The shape of the cathode active material layer is not particularly limited, but may be, for example, a sheet-like cathode active material layer having a substantially flat surface. The thickness of the cathode active material layers is not particularly limited, but may be, for example, 0.1 μm or more, 1 μm or more, or 10 μm or more, and may be 2 mm or less, 1 mm or less, or 500 μm or less.

The cathode active material layer can be produced by applying a known method. For example, the cathode active material layer can be easily formed by, for example, dry or wet molding of a positive electrode mixture containing the above-described various components. The cathode active material layer may be formed together with the positive electrode current collector layer, or may be formed separately from the positive electrode current collector layer.
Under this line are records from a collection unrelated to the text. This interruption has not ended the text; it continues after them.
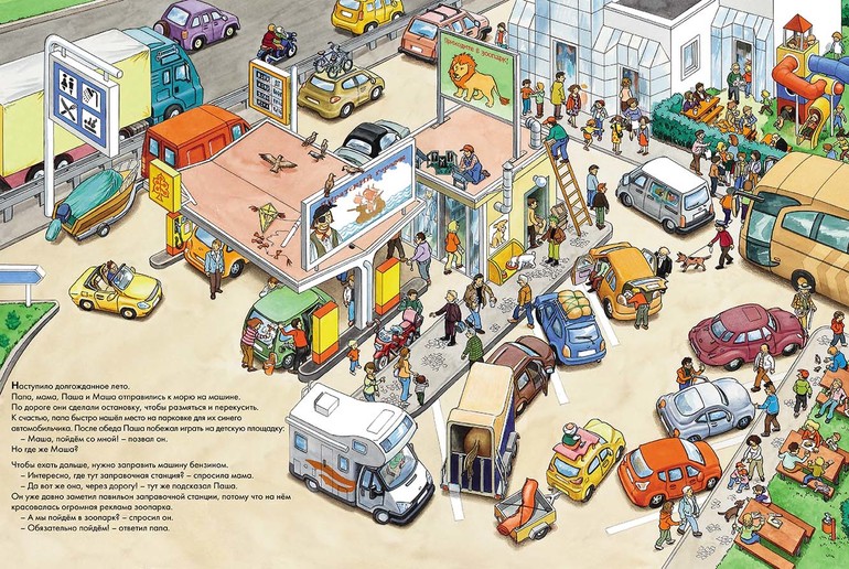 На автостоянке и в кемпинге, в зоопарке и аквапарке, в «Пиратском городке» и на пристани - повсюду Паша видит множество интересных вещей и очень хочет поделиться впечатлениями с Машей. Но Маша всё время куда-то убегает. Где же она? На каждом из семи разворотов нужно помочь Паше найти Машу и рассказать обо всём, что удалось увидеть вместе с героями книги.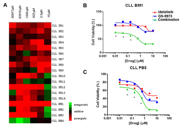 Figure 1: (A) A heat map displaying interaction indices at individual concentration points for each CLL sample. R values >1 (antagonistic), 1 (additive) and <1 (synergistic) are color coded as green, black and red, respectively. Specifically, the heat map was created using TreeView by transforming the interaction index for each concentration point of the primary samples by log2. Each row represents an individual sample. Peripheral blood samples are labeled “PB” and bone marrow samples are labeled “BM.” The columns represent (from left to right) increasing equimolar concentrations of each drug drug ranging from .977 nM to 10 μM. (B) A representative viability curve for CLL BM1 is shown with viability on the y axis and increasing equimolar concentrations of drug (μM) on the x axis. Resistance to each agent as monotherapy is seen (top 2 curves), an effect that is overcome by the drug combination (bottom curve) when the combination is used. (C)) Viability curve for a sample representative of having synergy. Although all concentrations of the drug combination were synergistic, (CI < 1), some concentrations had values that lost significance when accounting for the 95% confidence interval. Therefore, asterisks are provided which denote points that are significantly synergistic within the 95% confidence interval as defined by R. Idelalisib (GS-1101) treated cells are shown in red, GS-9973 in blue, and the combination in green.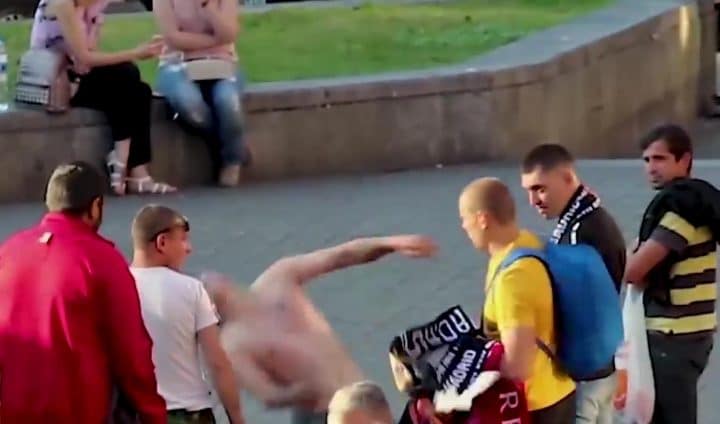 Quand on ne sait pas se battre, alors on s’abstient. Quoi que, ça donne lieu à des vidéos plutôt rigolotes comme celle qu’on s’apprête à vous montrer. On peut voir deux hommes en train de se battre. Ils sont à fond, ils donnent vraiment tout et surtout, ils n’ont pas du boire que de l’eau. Ce moment magique se passe sur la place Bessarabska à Kiev, en Ukraine. On ne sait pas si cette bagarre est réelle ou non. Puis à un moment, l’un des deux pètent un câble et s’en prend à un passant (le mec avec le t-shirt jaune). Ce dernier n’est pas décidé à se laisser faire…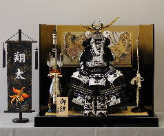 シルバーの伊達政宗鎧を銀箔に松の金彩を施した屏風と組み合わせた平飾りです。

Positive Electrode Current Collector Layer

A material used for the positive electrode current collector layer is not particularly limited, but a material generally used as a positive electrode current collector of a battery can be appropriately adopted. Examples of materials used for the positive electrode current collector layers include, but are not limited to, Cu, Ni, Cr, Au, Pt, Ag, Al, Fe, Ti, Zn, Co, and stainless-steel. Further, the positive electrode current collector layer may have some coating layer on the surface thereof for the purpose of adjusting the resistance or the like. The positive electrode current collector layer may be formed by plating or depositing the metal on a metal foil or a base material.

The shape of the positive electrode current collector layer is not particularly limited, but may be, for example, a foil shape, a plate shape, or a mesh shape. Among the above, the foil shape is preferred.

The thickness of the positive electrode current collector layers is not particularly limited, but may be 0.1 μm or more, or 1 μm or more, and may be 1 mm or less, or 100 μm or less.

While embodiments of the battery and method of manufacturing the battery of the present disclosure have been described, those skilled in the art will appreciate that changes can be made without departing from the scope of the claims.